FINAL AMENDMENTS TO REGULATION 28 OF THE PENSION FUNDS ACT
Following two rounds of public comment during 2021, National Treasury has published the final amendments to Regulation 28 of the Pension Funds Act, 24 of 1956.
Notable amongst the amendments include, but are not limited to:
A limit of 45% for exposure in infrastructure investment. “Infrastructure” is defined as “any asset that has or operates with a primary objective of developing, constructing and/or maintaining physical assets and technology structures and systems for the provision of utilities, services or facilities for the economy, businesses, or the public.”
To further facilitate the investment in infrastructure and economic development, the limit between hedge funds and private equity has been split. There will now be a separate and higher allocation to private equity assets, which is 15% increased from 10%.
The continued prohibition of investment in crypto assets, including in respect of other assets not referred to in Table 1.
Only investments in CISCA approved hedge funds will be permitted.

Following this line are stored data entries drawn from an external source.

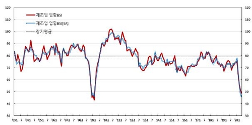 BSI란 기업가의 현재 경영상황에 대한 판단과 전망을 조사한 지표로, 부정적이라고 답한 곳이 긍정적이라고 본 업체보다 많으면 지수가 100을 밑돈다. 수치가 낮을수록 기업 체감경기가 나쁘다는 뜻이다.
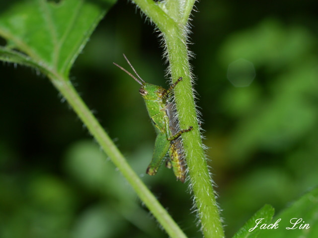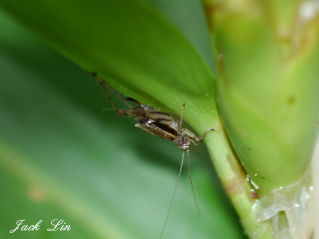 同樣在野薑花葉片下的還隱藏著一隻不知道是蟋蟀還是螽蟴的若蟲。
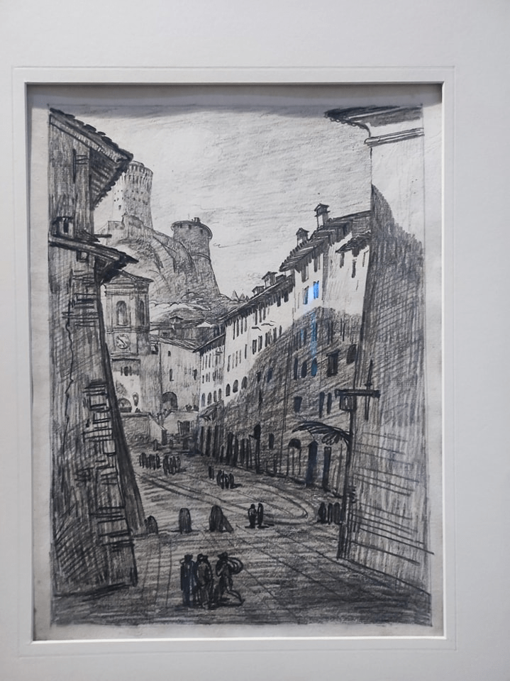 Nella sua città natale, che è un gioiellino, grazie anche all’attività dell’Archiviopittorgiani e alla collaborazione della nostra concittadina Marcella Vitali, hanno organizzato tre mostre diffuse con le opere del grande artista. Degna di nota, in particolare per noi faentini, è l’esposizione dell’album di disegni del viaggio da Marradi a Faenza.
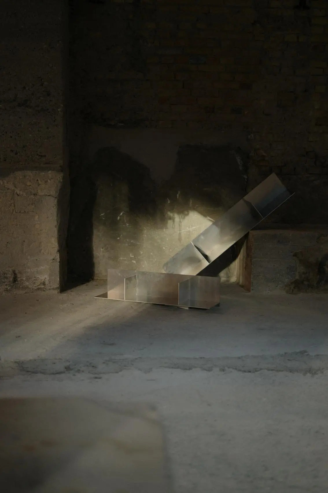 リベット シェルフは、収納とディスプレイのプラットフォームとして機能しながら、1 つの形状で基本的な収納面を追求しています。レーザーカットされた個別の未加工のアルミニウム シートを垂直に接合するのに適したリベット技法に基づいて、このシェルフは、デザイナーの Jonas Trampedach が 2011 年に開発した冷間成形組み立てプロセスでハンマーを使用して手作業で組み立てられます。
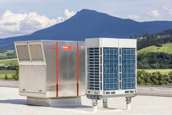 Dezentrale Hallenklima-Systeme setzen auf hocheffiziente Wärmepumpen, die Heizen und Kühlen mit demselben Gerät ermöglichen.

The reporting exclusion on look-through of CIS and insurance policies has been removed to enable the regulators to collect important statistics on underlying exposures, as part of understanding and monitoring linkages in the financial system and for proactive supervision.
The amendments will take effect on 3 January 2023, to enable regulators and fund managers to comply with the new regulations.
The Financial Sector Conduct Authority (FSCA) is in the process of finalising the standard on reporting requirements aligned to the revised Regulation 28 and will issue it for public comment soon.